Comment 16 Calin Culianu 2007-03-22 19:46:52 UTC
Devchan1:

Thanks so much for testing!

Looks like a random memory corruption.  I audited the code really carefully and yes, I think I introduced a situation in which a deleted Task object continued to be used for a few function calls.  

I modified the code to fix this.  I am not sure this is the reason for your crash, but the situation was pretty bug-prone and happened to 'just work' on Linux.

It also is the type of bug that would make pan work at first but possible crash later.


Comment 17 Calin Culianu 2007-03-22 19:51:07 UTC
Created attachment 85131 [details] [review]
Latest version of my decoder thread patch -- apply against svn rev 205

Fixed another bug.. ;)
Comment 18 devchan1 2007-03-23 04:51:53 UTC
Hello,
the crash in comment http://bugzilla.gnome.org/show_bug.cgi?id=420618#c15 has nothing to do with your patch. svn rev 205 crashes with and without your patch applied on os x.
I will have to file a seperate bug report for that.
dc.
Comment 19 Calin Culianu 2007-03-23 07:47:10 UTC
Cool!  That's good news!

Awesome!

I actually had pan stable crash on me sometimes -- I only ever noticed it while testing my patch.  

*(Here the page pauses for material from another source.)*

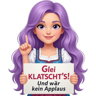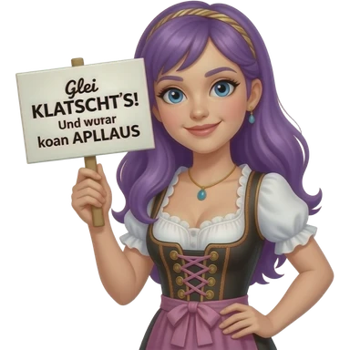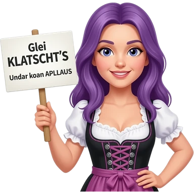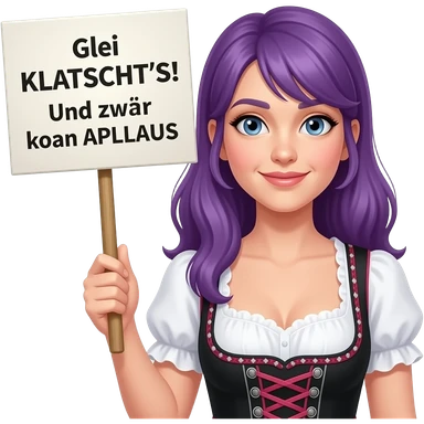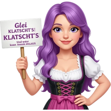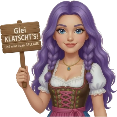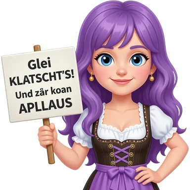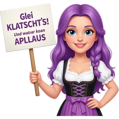 girl with long purple hair wearing a dirndl holding a Glei KLATSCHT'S! Und zwar koan APLLAUS sign emoji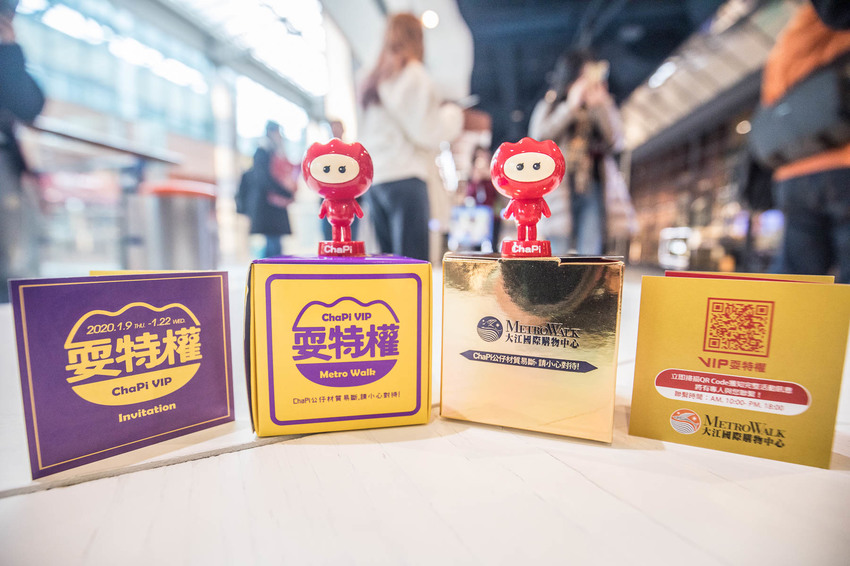 此外還有大江賀歲耍特權BOX送你「大江VIP紀念ChaPi玩偶」活動,只要年度消費滿14萬元以上和50萬元以上的消費者,寄送不同的特權BOX,金色是給前50名年度消費達50萬元以上的VVIP,黃色是給前950名年度消費達到14萬以上的消費者,每個盒子裡都有ChaPi玩偶,玩偶背面都刻有VIP的專屬序號,在1月9日-1月22日活動期間持ChaPi玩偶公仔或說明小卡至大江購物中心都可享獨家特權優惠

The only way I could occasionally reproduce it was to open up a group such that the headers appear in the header pane, and then to download all headers.  It appears that's what's happening in your crash trace as well!

If you want, it appeared to me a workaround was to not have the headers for a group show in the header pane when downloading headers.  The crash appears to be related to the UI displaying the article headers as they are coming in.

I can actually see about fixing this separate bug too -- I am becoming more and more familiar with the pan2 sources so I can give it a shot -- the hard part is I cannot reliably reproduce the crash.

Do you have some additional insight into how to reproduce the crash?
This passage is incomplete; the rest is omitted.